In Hollywood parlance, a “period piece” is a script or film that takes place in the past. Girl Flu, a film written and directed by Dorie Barton, which premiered at the LA Film Festival ( @LAFilmFestival) on June 6 in Culver City, gave a new meaning to that phrase. It’s a film about firsts. Without a doubt, it is the only film you’ll ever call charming, funny, and heartwarming that has menstruation as its focus. Really, before seeing this film I had no idea that’s what “girl flu” meant.
The protagonist is bookworm Bird, played with a subtlety beyond her years by Jade Pettyjohn (United States of Tara, Nickelodian’s School of Rock). Bird’s normal world of big thick books and Barbie dolls is shattered when “the curse” unexpectedly makes its first appearance at the sixth grade end-of-year picnic. She was wearing grandma’s white pants and “everyone” saw.
Bird really didn’t have anything to worry about though, because Jenny, her mom, was available to come to the rescue. But, wait.
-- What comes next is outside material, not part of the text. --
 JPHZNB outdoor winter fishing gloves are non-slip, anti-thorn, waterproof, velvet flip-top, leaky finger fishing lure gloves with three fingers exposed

Jenny, played with whimsical and uninhibited MILFness by Katee Sackhoff (Syfy Channel’s Battlestar Galactica, Longmire) is the ultimate shallow narcissist. Bird is the real adult in the house, and Jenny has to do a lot of growing before she can help her daughter deal with this new phase in her life.
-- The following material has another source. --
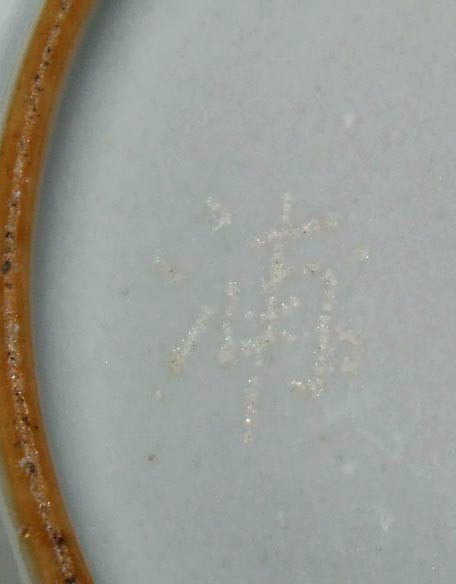 a blossoming peony and chrysanthemum sprays with a bat. The reverse is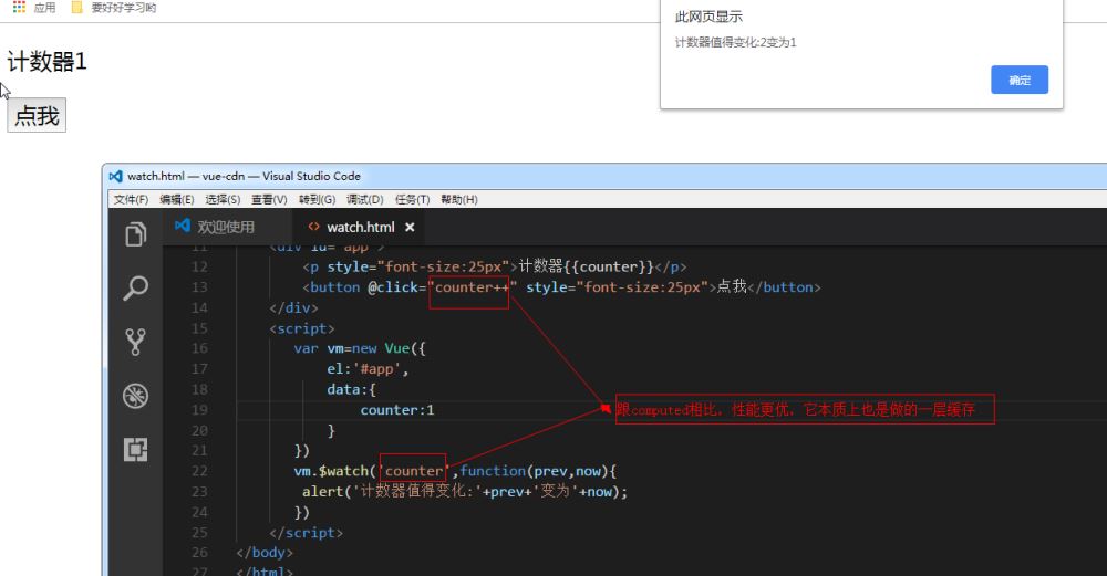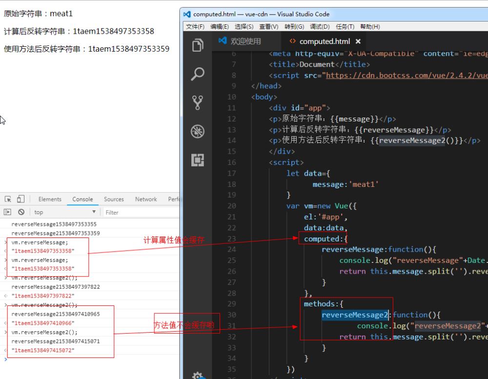 computed与method 可以说使用 computed 性能会更好,但是如果你不希望缓存,你可以使用 methods 属性。

But, Bird has friends she can talk to, right? No such luck. Bird and her mom recently relocated from “the Valley” (as in “Valley Girl”) to a working class LA neighborhood called Echo Park. She has no friends.
Early on in the film, Jenny’s boyfriend Arlo, played by Jeremy Sisto (Robot and Frank, Break Point), goes outside to the front porch to have a smoke when the red flow crisis erupts. As I watched that scene, I wondered if I should do the same. But, I stuck with it and got to see an excellent film. I also learned things about tampons and pads of which I was completely unaware.
Highlights of Bird’s journey include a ritual introduction to womanhood by Jenny’s hippie girlfriends, a misguided appeal for help to an abortion clinic, and her struggle to get her mom to stop calling her “Little Bird” (The character’s real name is Robin).
There is one more first for Bird: a first kiss. This comes from Carlos, played by Diego Josef (Ugly Benny, Message from the King).
The interactions between Bird, Jenny, Arlo, and Carlos are both entertaining and believable. Although, from a screenwriting aspect, Jenny is the antagonist, none of the leads are really unlikable, though you may want to scream at Jenny for her incessant, impenetrable self-centeredness.
In a statement provided by publicists for the film, writer/director Barton admitted that the film was somewhat autobiographical. “I’m so grateful to be able to bring to the screen a story that 50 percent of the human population goes through but that so few of us talk about because it’s still considered a taboo subject. There’s a shift toward lifting that taboo, but we’re just getting started. I’m glad this film can be part of that.” More comments from Barton can be seen in the video below.
Girl Flu is not yet rated. And, yes, that thing the lady is hanging on to in the poster is a tampon. See, I learned something.